Si pensamos en el arte como la afirmación de un estilo, puede ser más sencillo entender su relación con nuestras decisiones cotidianas. En un post anterior contaba que el estilo de un artista no es solamente el perfeccionamiento de su técnica; el estilo surge de la forma peculiar en que cada persona experimenta su entorno. Al percibir las calles de todos los días, los ruidos cotidianos; al interactuar con los utensilios que a diario usamos; al hablar y mirar a otras personas, construimos ciertos significados, cierto ambiente y relato que enmarca nuestra vida y nuestro carácter. Ese significado no es único ni es fijo: cada uno de nosotros lo construye a diario a través de cada acto, por mínimo que sea.
Lo relevante es que la mayor parte del tiempo lo hacemos de forma inconsciente. No reparamos en que cada detalle (la mirada que dirigimos hacia la calle al salir por la mañana, el roce con las texturas y materiales de la ropa que usamos, las ideas que cruzan nuestra mente mientras nos dirigimos al trabajo) podría ser una pincelada precisa, o un golpe de cincel, que irá delineando nuestros días.
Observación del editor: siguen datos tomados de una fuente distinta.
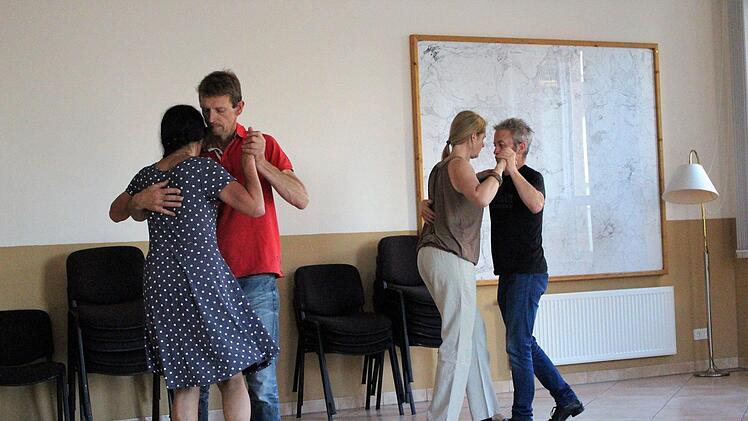 Zur Vertiefung des Erlernten beschloss das Ehepaar Beck aus Mitgenfeld vor einem Jahr, ein wöchentliches Tango-Treffen im Gemeindehaus in Oberleichtersbach anzubieten. "Hier üben wir und teilen unser Wissen, denn der Tanz ist auch Arbeit", bestätigt Christine Beck. Gerade für viele Frauen sei der Tanz zunächst ungewöhnlich oder gar gewöhnungsbedürftig, denn die Frau muss sich führen lassen und erspüren, was der Mann will. Das bestätigt auch Birgit Frech, die mit ihrem Partner regelmäßig am Tango-Treffen teilnimmt: "Wenn man es schafft, dann ist es ein ganz tolles Erlebnis, das eine direkte Begegnung mit dem Partner möglich macht". Das Loslassen vom Alltag und das Einlassen im Moment ist für ihren Partner Egon Hildmann zentrales Element. "Der Mann hat den schwierigen Part, denn er muss wissen, was er will. Er muss zielstrebig sein", sagt Alexander Beck über die Männerrolle beim Tango. Die Frau schmückt hingegen aus und folgt dem Mann.
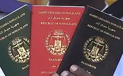 - Passeport régulier (couverture noire) : délivré aux citoyens du Somaliland.
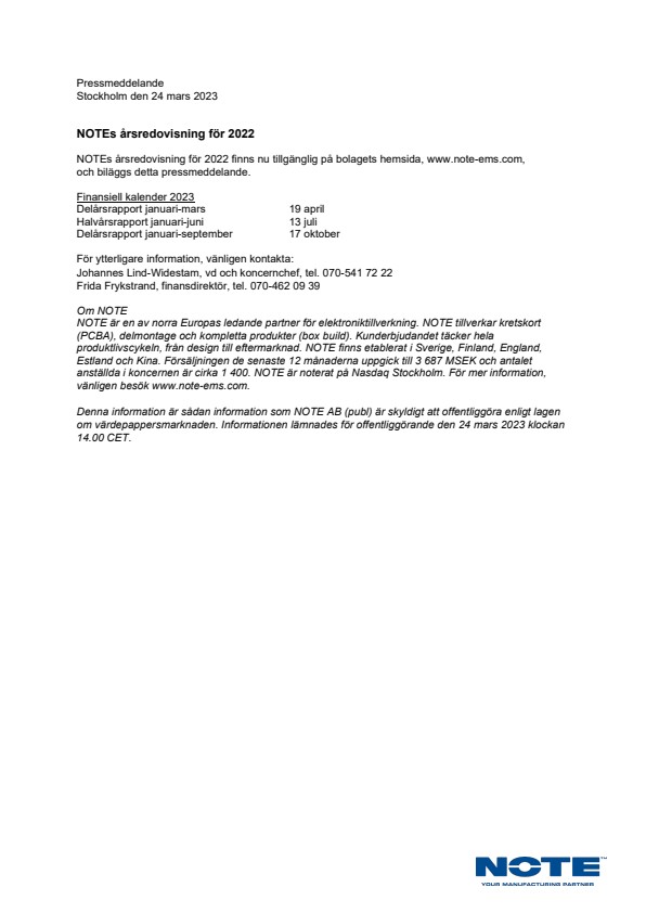 NOTEs årsredovisning för 2022 finns nu tillgänglig på bolagets hemsida, www.note-ems.com, och biläggs detta pressmeddelande.
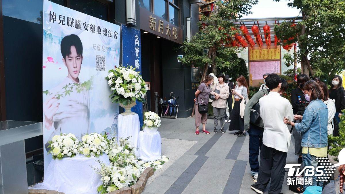 法會于17日在板橋新月會館舉行,孫德榮身穿一身黑衣,在中午11點40分由身邊人攙扶入場。會場門口擺放于朦朧身穿白衣、手撫葉子的半身照,周圍以白色花朵點綴,場面令人不勝唏噓。
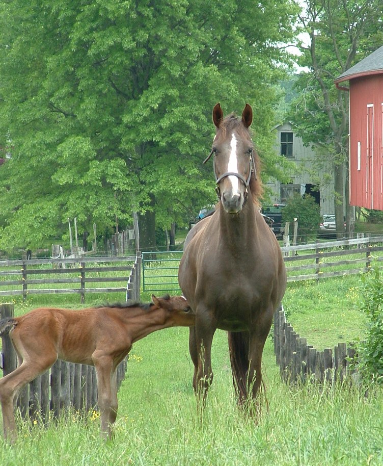| Illustra Enchant (Lillie) delivered an exquisite bay filly with 3 white socks and a small crescent star. Susan got to witness the birth which was a miracle, yet totally normal. Mom & baby are both doing well. We're calling the baby "Lizzie" after the Queens Elizabeth I & II, as she seemed so regal when first born and Lillie & Lizzie go together well. Watch here for updates. Inquiries will be invited on this foal. |
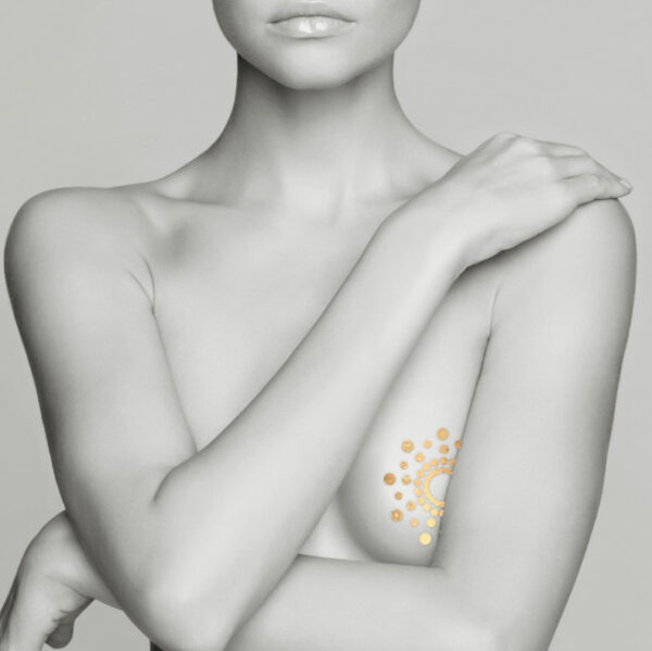 Estos tatuajes temporales en forma circular se adaptan a todo tipo de pechos y los realza. Mantienen la forma icónica del Mimi clásico, decorando la piel de una manera muy sensual, destacando la belleza del cuerpo femenino.

Cuando lejos de ser inconscientes, orientamos esas pequeñas acciones para afirmar un sentido específico, aquél que expresa nuestro estilo personalísimo, entonces podemos aventurarnos a hablar de vivir la vida como un arte. Se trata de moldear lo que vamos viviendo, seleccionando e interpretando con presteza de modo tal que las cosas que parecen ordinarias, para nosotros estén repletas de sentido y valor. Por dar un ejemplo, puedo decir que yo disfruto trazando rutas de color a lo largo del día. Así, hay días color ámbar acompañados de música de cuerdas (deliciosamente desafinada), o días con tintes azules y violetas que huelen más bien a mar abierto.
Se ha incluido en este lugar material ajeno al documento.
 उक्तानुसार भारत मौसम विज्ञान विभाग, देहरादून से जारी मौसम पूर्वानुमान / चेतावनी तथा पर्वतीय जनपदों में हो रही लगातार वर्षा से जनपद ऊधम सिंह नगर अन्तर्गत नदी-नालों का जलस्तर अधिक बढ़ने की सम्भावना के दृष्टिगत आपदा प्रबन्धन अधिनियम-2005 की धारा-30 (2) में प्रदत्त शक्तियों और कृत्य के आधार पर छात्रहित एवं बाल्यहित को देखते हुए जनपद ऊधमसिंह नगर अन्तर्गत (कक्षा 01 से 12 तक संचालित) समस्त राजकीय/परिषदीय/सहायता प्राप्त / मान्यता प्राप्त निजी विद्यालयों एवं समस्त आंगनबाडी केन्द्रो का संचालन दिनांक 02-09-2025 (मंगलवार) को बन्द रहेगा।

Pero no es un ejemplo que sirva para todos, pues ése es un aspecto de mi específica forma de involucrarme estrechamente con el mundo. Es mi forma de interrogarlo y de dejarme interrogar por él, pero no necesariamente significa algo para quien lee este post. Y en ello reside uno de los aspectos más importantes de todo este asunto: debemos estar conscientes de que los sentidos que creamos no son absolutos, ni siquiera verdaderos en toda la extensión de la palabra. Son, en la mayoría de los casos, ficciones. Pero este carácter ficticio también es una de sus mayores ventajas, pues es lo que permite modificarlo, adaptarlo cuando queremos cambiar el ritmo, ir moldeando ese relato e ir moldeándonos también nosotros mismos.
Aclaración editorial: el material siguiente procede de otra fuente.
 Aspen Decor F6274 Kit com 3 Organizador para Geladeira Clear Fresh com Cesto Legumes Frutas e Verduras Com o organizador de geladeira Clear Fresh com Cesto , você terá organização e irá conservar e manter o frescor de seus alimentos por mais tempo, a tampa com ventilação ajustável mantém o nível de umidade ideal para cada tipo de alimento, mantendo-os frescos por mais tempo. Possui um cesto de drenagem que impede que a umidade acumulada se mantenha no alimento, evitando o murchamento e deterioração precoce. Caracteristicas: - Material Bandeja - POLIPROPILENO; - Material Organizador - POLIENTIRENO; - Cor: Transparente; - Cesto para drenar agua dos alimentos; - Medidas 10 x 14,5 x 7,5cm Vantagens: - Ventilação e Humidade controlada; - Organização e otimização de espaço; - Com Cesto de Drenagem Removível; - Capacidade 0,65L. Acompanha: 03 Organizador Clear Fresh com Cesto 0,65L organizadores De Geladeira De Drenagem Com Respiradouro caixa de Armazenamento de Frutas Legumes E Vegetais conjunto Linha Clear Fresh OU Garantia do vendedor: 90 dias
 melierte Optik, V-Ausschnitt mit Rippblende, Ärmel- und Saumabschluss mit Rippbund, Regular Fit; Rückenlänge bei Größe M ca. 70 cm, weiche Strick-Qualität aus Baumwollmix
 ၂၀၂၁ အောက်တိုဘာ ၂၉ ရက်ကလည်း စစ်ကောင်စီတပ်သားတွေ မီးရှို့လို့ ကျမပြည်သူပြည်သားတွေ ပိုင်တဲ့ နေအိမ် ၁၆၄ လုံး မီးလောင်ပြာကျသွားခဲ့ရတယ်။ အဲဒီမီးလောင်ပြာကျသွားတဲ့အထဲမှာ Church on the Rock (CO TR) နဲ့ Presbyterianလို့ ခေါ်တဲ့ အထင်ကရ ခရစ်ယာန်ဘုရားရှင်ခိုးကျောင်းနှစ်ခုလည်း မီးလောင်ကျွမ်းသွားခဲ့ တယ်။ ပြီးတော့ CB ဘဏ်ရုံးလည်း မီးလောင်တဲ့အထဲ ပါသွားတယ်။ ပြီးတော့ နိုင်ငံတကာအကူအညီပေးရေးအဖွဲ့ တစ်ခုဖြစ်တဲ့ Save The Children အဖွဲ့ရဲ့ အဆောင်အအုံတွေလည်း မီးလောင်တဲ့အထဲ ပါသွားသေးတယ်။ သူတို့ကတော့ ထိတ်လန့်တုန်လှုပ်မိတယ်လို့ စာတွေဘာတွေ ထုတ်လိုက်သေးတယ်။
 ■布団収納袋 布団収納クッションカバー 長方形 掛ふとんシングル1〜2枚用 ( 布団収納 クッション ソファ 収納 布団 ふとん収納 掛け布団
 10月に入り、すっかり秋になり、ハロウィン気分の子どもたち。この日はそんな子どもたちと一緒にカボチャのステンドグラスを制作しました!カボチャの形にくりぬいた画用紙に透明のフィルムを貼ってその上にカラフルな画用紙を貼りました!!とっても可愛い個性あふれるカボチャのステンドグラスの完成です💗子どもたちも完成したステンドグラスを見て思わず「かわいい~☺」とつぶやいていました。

Se trata de construir interpretaciones del mundo, de nuestro actuar y de nuestra persona. Como toda interpretación, no será absoluta, pero será propia, cercana, flexible. Y podremos vivirla como verdadera, transformarla e incluso compartirla con personas similares. Es así que podremos decir que a través de esa interpretación vamos esculpiendo nuestro carácter, construyendo un entorno lleno de significado y narrando nuestra historia. En suma, afirmando nuestra peculiar manera de existir.